Jack O. Johnson, Public Defender, Bartow, and Douglas A. Wallace, Asst. Public Defender, Bradenton, for appellant.
Robert L. Shevin, Atty. Gen., Tallahassee, and Charles Corces, Jr., Asst. Atty. Gen., Tampa, for appellee.
Appellant was charged with sexual battery committed by threat of force or violence likely to cause serious personal injury. The jury was instructed on 1) the offense charged, 2) the attempt to commit the offense charged, and 3) sexual battery by force and violence not likely to cause serious personal injury. He was convicted of the latter offense.

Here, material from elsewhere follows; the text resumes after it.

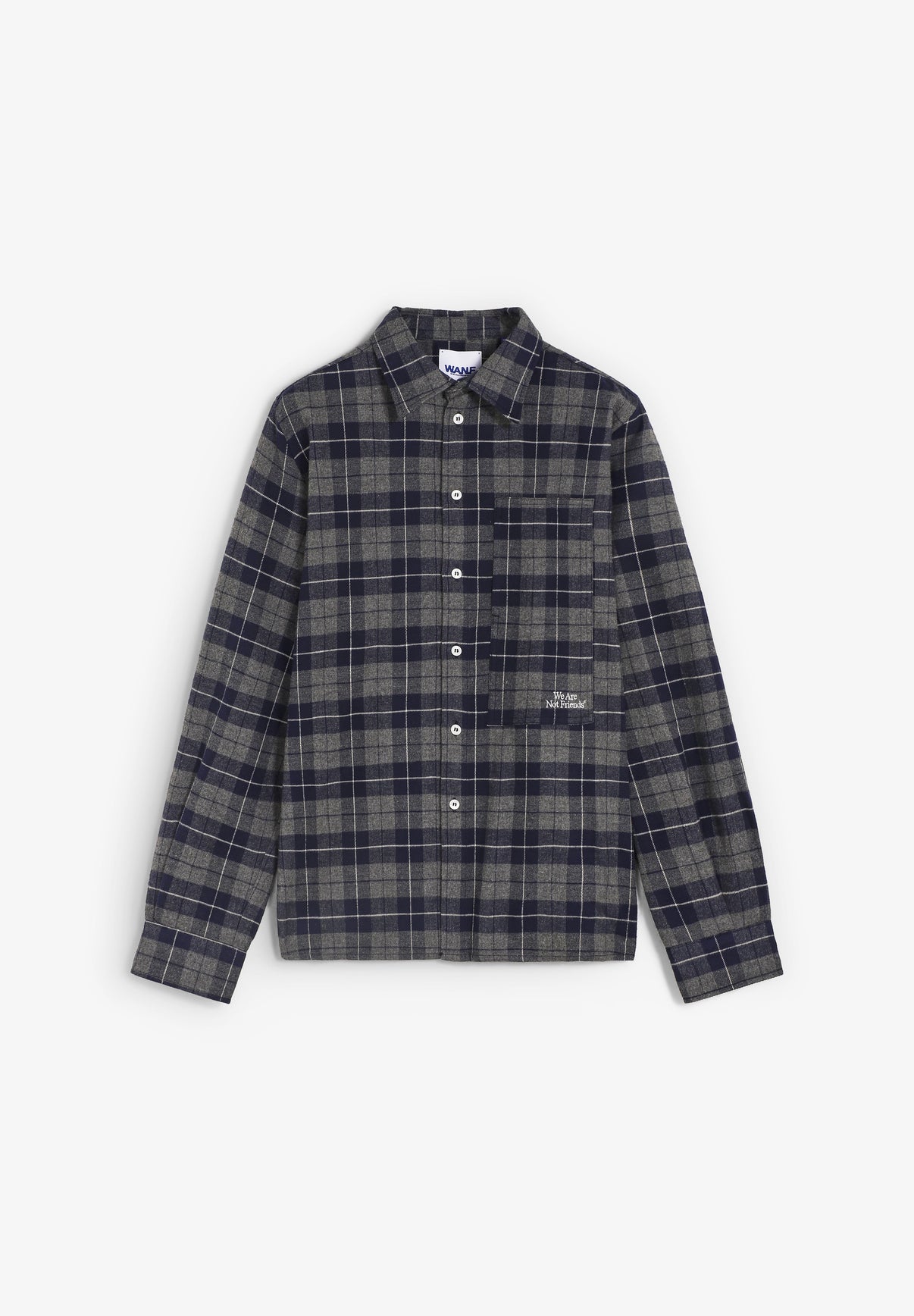 Camisa We Are Not Friends confeccionada en tejido de franela 100% algodón. Presenta un bolsillo doble en la parte delantera el cual cuenta con el nombre de la marca bordado.

§ 794.011(4)(b), Fla. Stat. (1973).
§ 794.011(5), Fla. Stat. (1975).
Appellant made a timely request for an instruction on the offenses of assault and battery. The court declined to charge or give a proposed jury verdict on either of these offenses. In DeLaine v. State, 262 So.2d 655 (Fla. 1972), the supreme court stated that assault and battery and bare assault were lesser included offenses of the crime of rape. The crimes of assault and battery continue to be necessarily lesser included offenses under the new sexual battery statute. Therefore, it was error to refuse to charge on these offenses.

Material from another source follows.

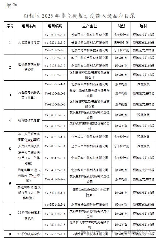 【白银】白银区2025年非免疫规划疫苗遴选结果公示

§ 784.011, Fla. Stat. (1975).
§ 784.03, Fla. Stat. (1975).
The failure to instruct on a necessarily lesser included offense when requested by the defendant cannot be harmless error. Lomax v. State, 345 So.2d 719 (Fla. 1977); State v. Terry, 336 So.2d 65 (Fla. 1976). Since appellant was convicted of the least serious offense upon which the jury was charged, the "two steps removed" rationale of DeLaine v. State, supra, is inapplicable.
The judgment and sentence must be reversed, and the case remanded for a new trial.
BOARDMAN, C.J., and HOBSON, J., concur.